En segundo lugar, y es esta mi observación más de fondo, no comparto la idea de que haya sido la visión estatista del gobierno de CAP el factor determinante de la “Estatización” de la actividad petrolera. Por el contrario. El gobierno de CAP no lideró la corriente dominante en favor de la “estatización” sino que moderó de manera presiones políticas incluso del mainstream que abogaba por interpretaciones más decididas y radicales. Es en efecto el gobierno el que antes de entregar al Congreso la propuesta de Ley redactada por la Comisión Presidencial de Reversión (nombrada seis meses antes y conformada por representantes de distintos grupos, partidos y sectores sociales) introduce la controversial modificación en el Artículo 5 que abre las puertas a las convenios de asociación con entes privados. La redacción original de la propuesta expresaba claramente en su Exposición de Motivos que “…las actividades reservadas sólo podrán ser ejercidas por el Ejecutivo Nacional , forma tradicional mantenida en nuestras leyes de hidrocarburos, y por entes de la propiedad exclusiva del Estado, creados mediante ley especial.” Y enfatizaba dicha exclusividad al afirmar que “está totalmente descartada la idea de crear empresas mixtas o de participación, para la realización de las actividades reservadas”. Tal y como apunta Luis Lander (en la introducción a la edición especial de abril de 2006 de la Revista Venezolana de Economía y Ciencias Sociales con ocasión de los 30 años de la Nacionalización), la ya mencionada modificación por parte del gobierno de CAP “rompió el amplio consenso que el proyecto original había alcanzado” y ocasionó que la Ley fuese aprobada con el apoyo de los votos de Acción Democrática y de la Cruzada Cívica Nacionalista y el rechazo de todas las otras bancadas parlamentarias.
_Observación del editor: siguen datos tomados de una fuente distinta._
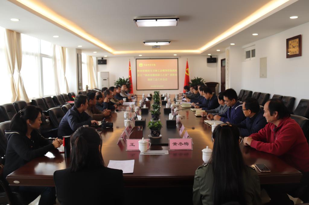 10月30日, 陕西省教科文卫体工会主席陈建树一行莅临我校进行“陕西省模范职工之家”授牌和工会工作调研活动。授牌仪式和调研座谈会在我院厚德楼四楼会议室举行。省教科文卫体工会主席陈建树,省教科文卫体工会副主席陈鹏,我校党委副书记、工会主席任健,院党政办公室副主任张勤恳,工会常务副主席王对启,副主席杨秀香和部分分会主席,教职工代表参加了授牌仪式和座谈会。授牌仪式和座谈会由院工会常务副主席王对启主持。

En su famosa intervención al iniciarse la discusión de la Ley de Nacionalización Petrolera, el ex Presidente Rafael Caldera en su condición de Senador Vitalicio atacó duramente la modificación del Artículo 5 y concluye advirtiendo que “… el apoyo que se necesita es un apoyo entusiasta, decidido, caluroso, y enajenarse la voluntad y el respaldo de los sectores que más fervorosamente están con la nacionalización, a cambio de un tímido apoyo de quienes admiten la posición cautelosa del gobierno ante un peligro que se va a correr, no sé hasta qué punto puede resultar ventajoso” (para mayores detalles, ver su libro “La Nacionalización del Petróleo”).
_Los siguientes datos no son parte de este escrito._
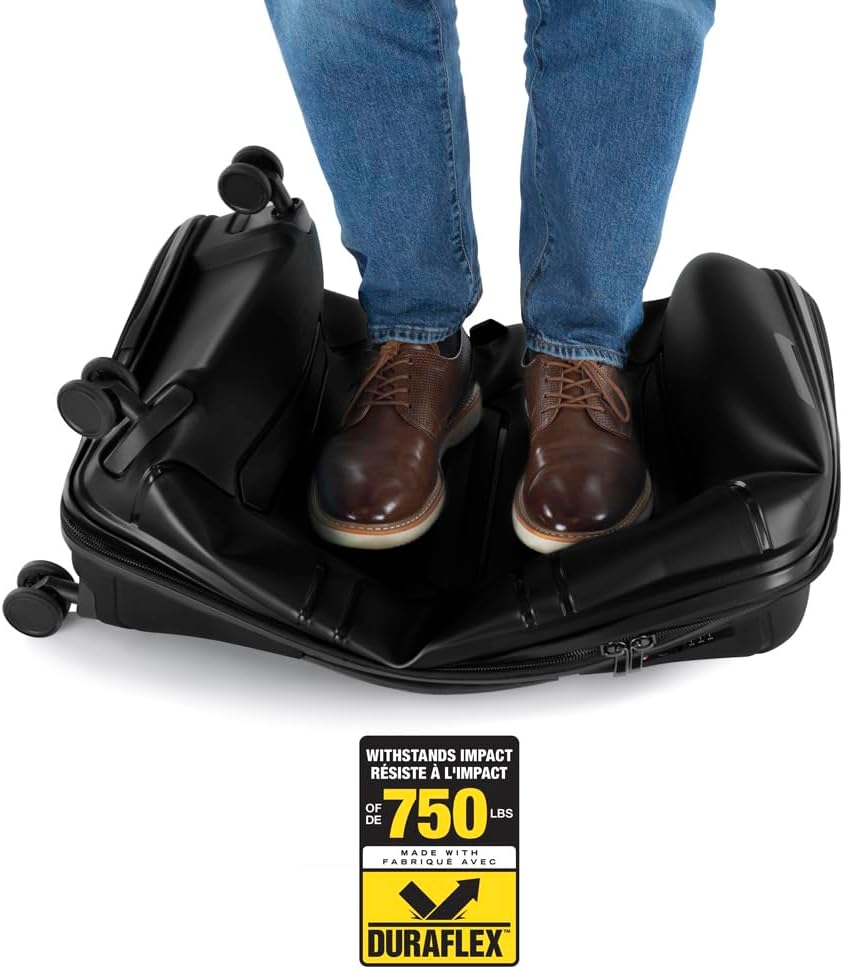 DURABLE YET LIGHTWEIGHT: Crafted from Duraflex material, this check-in luggage strikes the perfect balance between durability and lightweight design. With a remarkable ability to withstand forces up to 750 lbs, it ensures your items stay safe while being thrown around in airplane cargo. Its manageable size at 26 x 17.6 x 11 expands by 20%, offering flexibility for your packing needs and wants.

Al día siguiente de la aprobación de la Ley de Nacionalización se crea por decreto Petróleos de Venezuela S.A. como holding de empresas filiales en un esquema a todas luces conservador, que privilegiaba la continuidad operativa y la preservación de la cultura organizacional del profesionalismo de cada una de las empresas, así como minimizar la injerencia del Ejecutivo y del resto de los poderes en el manejo de la industria.

Disculpa lo largo de este comentario y de nuevo felicitaciones por el artículo y por crear un espacio para discutir públicamente este y otros temas de política pública.